Denken is een positieve kracht mijn leven. Ik heb er mijn doctoraatsdiploma aan te danken, bijvoorbeeld. De gretigheid om mezelf te blijven bijscholen over creativiteit, schrijfprocessen en taal.

Zoals in elke positieve kracht, schuilt er ook een valkuil in mijn denken. Wanneer ik onder druk sta, wordt het denken piekeren en ziet mijn innerlijke criticus een mooie kans om zich te tonen. En dat is helemaal niet zo prettig.

“Jij moet gewoon wat minder denken,” krijg ik dan wel eens als goedbedoelde reactie.

Maar zo werkt het niet. Met die tip kan ik weinig. Want het is geen kwestie van het denken wegduwen. Dat werkt een beetje zoals een pingpongballetje dat je onder water probeert te houden (do try this at home): hoeveel kracht je ook gebruikt, het pingpongballetje vindt sowieso zijn weg weer naar boven.

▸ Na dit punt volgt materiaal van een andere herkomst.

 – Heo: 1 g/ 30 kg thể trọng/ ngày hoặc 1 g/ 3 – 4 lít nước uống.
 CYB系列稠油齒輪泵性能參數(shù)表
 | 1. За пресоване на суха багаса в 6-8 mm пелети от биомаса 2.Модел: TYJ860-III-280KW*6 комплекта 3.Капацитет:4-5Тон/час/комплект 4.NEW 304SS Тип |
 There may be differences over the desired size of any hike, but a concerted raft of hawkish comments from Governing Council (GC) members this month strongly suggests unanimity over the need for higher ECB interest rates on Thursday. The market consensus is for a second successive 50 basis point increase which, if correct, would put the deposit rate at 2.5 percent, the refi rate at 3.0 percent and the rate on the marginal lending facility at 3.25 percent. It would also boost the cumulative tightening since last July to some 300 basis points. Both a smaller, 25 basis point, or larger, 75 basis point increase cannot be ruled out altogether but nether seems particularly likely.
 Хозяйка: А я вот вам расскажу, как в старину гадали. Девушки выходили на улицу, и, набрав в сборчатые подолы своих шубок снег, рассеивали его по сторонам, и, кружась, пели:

Net zo gaat het met gedachten.

Wat mij wel helpt, is aandacht schenken aan mijn lichaam. Luisteren naar wat het vertelt. Mild ontdekken wat er speelt, daarbinnen. Zodat ik niet alleen denk, maar ook voel. Die twee samen, da’s magie. En tegelijk is het moeilijk, want probeer maar eens dat lichaam binnen te dringen wanneer je hoofd de regie in handen heeft genomen.

Ratio en gevoel in balans

Als er één ding is dat ik heb geleerd in de twee jaar dat ik als schrijfcoach werk, dan is het dit: dat er out there heel wat schrijvers en schrijvende solo-ondernemers zijn die net als ik veel denken.

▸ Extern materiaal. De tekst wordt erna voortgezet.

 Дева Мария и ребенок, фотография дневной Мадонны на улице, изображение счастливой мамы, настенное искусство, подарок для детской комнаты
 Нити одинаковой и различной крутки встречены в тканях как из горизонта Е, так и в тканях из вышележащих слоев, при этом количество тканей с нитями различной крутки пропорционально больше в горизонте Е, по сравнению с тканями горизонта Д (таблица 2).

Eigenlijk is dat niet eens zo verrassend: je hoofd is een geweldig hulpmiddel bij het schrijven. Structuur, verzorgde taal, oplettendheid in je redactiefase zijn maar drie voorbeelden waarin je hoofd een mooie rol te spelen heeft.

Het is jammer dat we ons lichaam ondertussen maar een bijrolletje toebedelen. Ook je lijf verdient een prominente plek op jouw schrijfpodium. Luisteren naar wat er daarbinnen speelt, kan het verschil maken tussen schrijfblokkade en schrijfplezier. Tussen vastzitten en stromen.

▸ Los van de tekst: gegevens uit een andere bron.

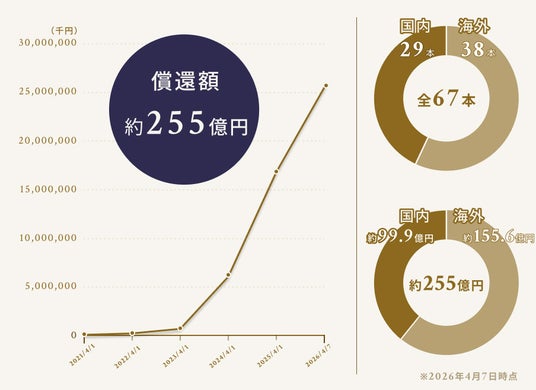 TECROWDでは今まで、67ファンド、合計約255億円の元本償還を実施しています。

Het klinkt misschien vanzelfsprekend als ik je zeg dat bewegen belangrijk is, dat schrijven met de hand jou andere ideeën kan geven en dat je moet drinken zodra je dorst voelt. Dat je gezonde aandacht mag schenken aan verdriet of angst. En toch onderschatten nog veel schrijvers het belang ervan.

Ook ik heb dat moeten leren. Met vallen en opstaan en soms weer een beetje vallen. 😉

Hieronder deel ik met jou vier hele persoonlijke tips om van teveel hoofd te gaan naar een samenwerking tussen hoofd en lichaam. Ik hoop dat ze je kunnen inspireren om er zelf mee aan de slag te gaan.

Kies één tip uit. Test hem uit als experiment en evalueer of de tip iets voor jou kan zijn. Probeer het dan nog eens, of test iets anders uit. Hou de drempel laag. Onderzoek wat het doet met jouw schrijven, jouw inspiratie, jouw relatie met je innerlijke criticus.

Oké? Hier gaan we.

Tip één: volg lichaamsgerichte therapie

Eh – wat? Therapie?

Jazeker. Het is niet voor iedereen nodig, maar voor notoire piekeraars kan het een flinke verandering teweegbrengen. Zelf kreeg ik vroeger zelden complimentjes over de rust die ik uitstraal. Dat is wel veranderd.

Lichaamsgerichte therapie is wat de naam zegt: therapie waarbij je eerder je lichaam gebruikt dan je hoofd, je denken. Het helpt bijvoorbeeld bij trauma zeer goed. En het is een gewéldig hulpmiddel voor mensen als ik die met hun sterke hoofd zowat elke gesprekstherapeut schaakmat kunnen zetten. 😉

Het doel is om gevoelens en herinneringen die vastzitten in beweging te krijgen. Met je lijf. Zonder ellenlange gesprekken.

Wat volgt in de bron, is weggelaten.